The information in the Y direction is determined with the aid of Equation (2), with, according to the invention, the scanning rate VSC being assumed not to be constant. Rather, the scanning rate is continuously determined during the scanning process and the precise extent of the target in the Y direction is calculated. Various modified methods can here be employed alternatively. In the simplest case, φ is again assumed to be constant and only the angular velocity ω is measured. However, it is also possible to measure φ as well as ω and to determine the extent in the Y direction.
The steps of the method according to the invention will now be described in greater detail with reference to FIG. 2, where ω as well as a change δφ of φ are determined.

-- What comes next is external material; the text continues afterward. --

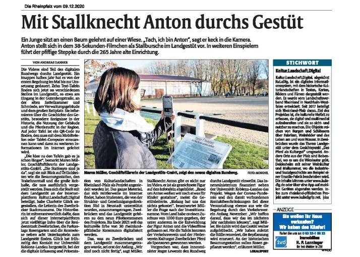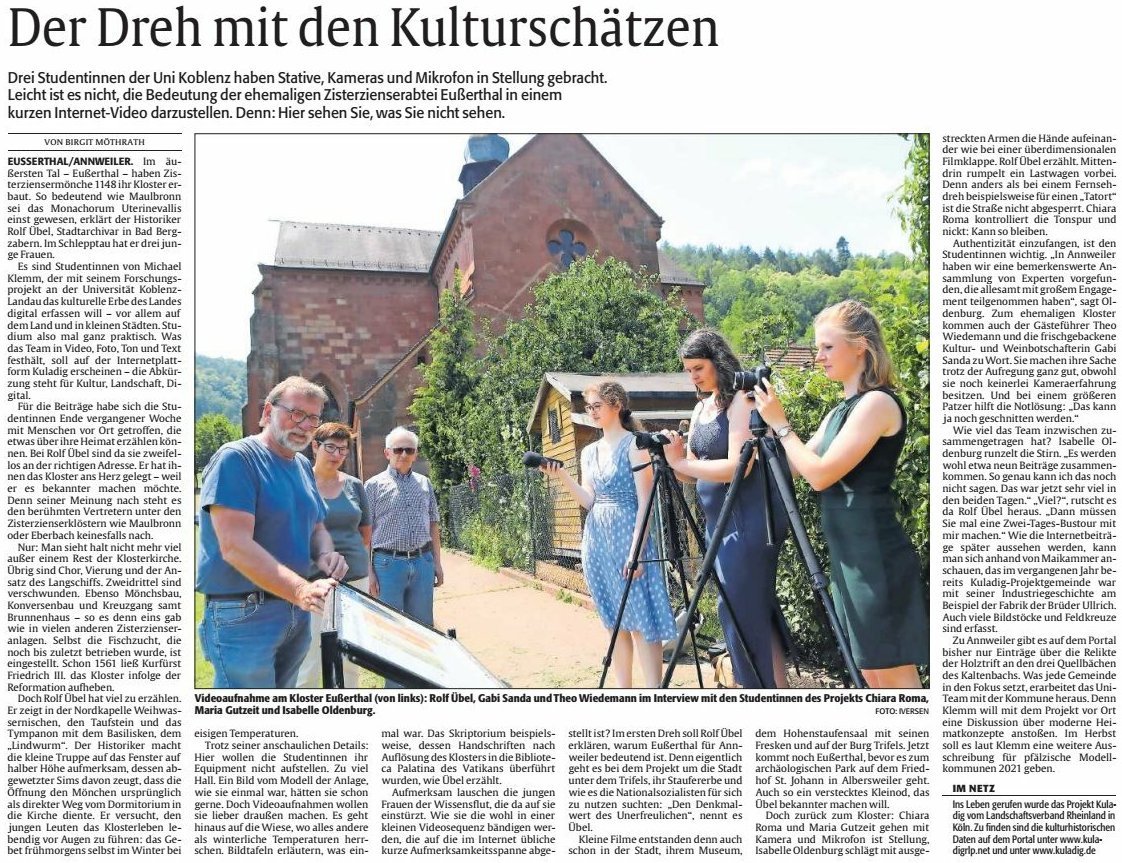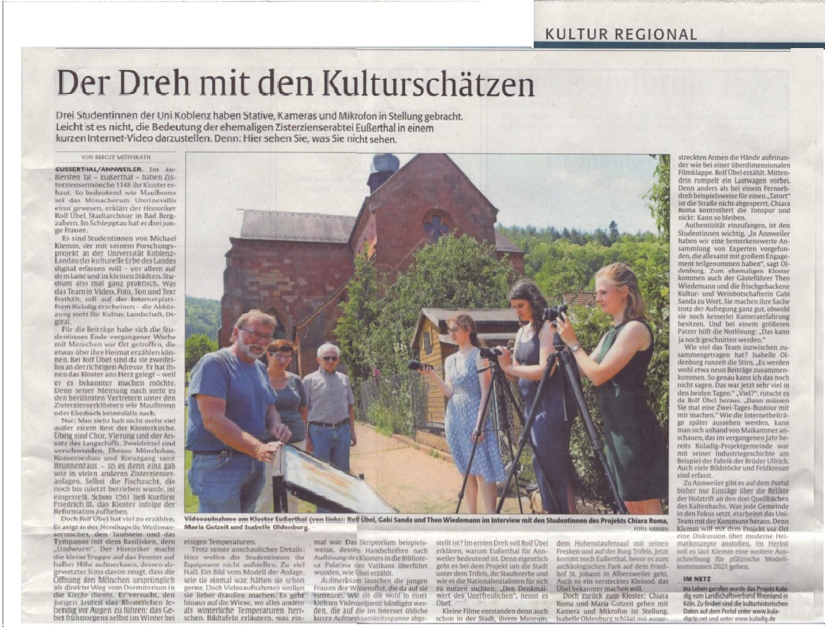 Rhein-Zeitung über KuLaDig-RLP und das Teilprojekt Koblenz-Lützel (12.09.2020):
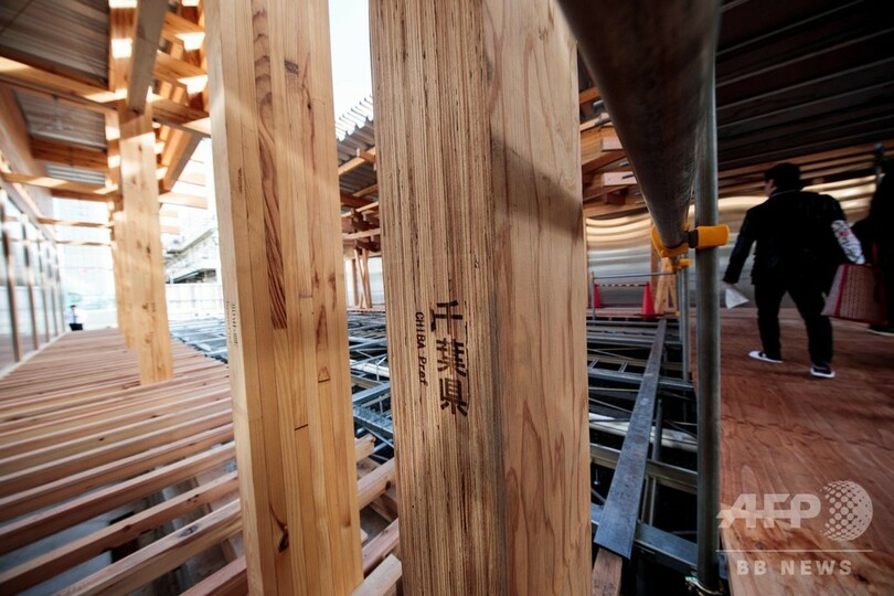 これらの木材は63の自治体から提供されたもので、施設は大会後に解体され、各自治体に返却し再利用してもらう。組織委は、持続可能性に配慮した五輪というテーマの一環と説明している。(c)AFP

From the values measured in a known manner for N, T (see block 100) and for R (block 101), and the predetermined desired values for δφ, ω and φ (indicated by the subscript "des".) the image is initially constructed in a known manner in a memory for the X and Y directions (block 102). In the prior art method, this completes the determination of the signature of the target which is then compared with known stored signature values to identify the presence of a true target.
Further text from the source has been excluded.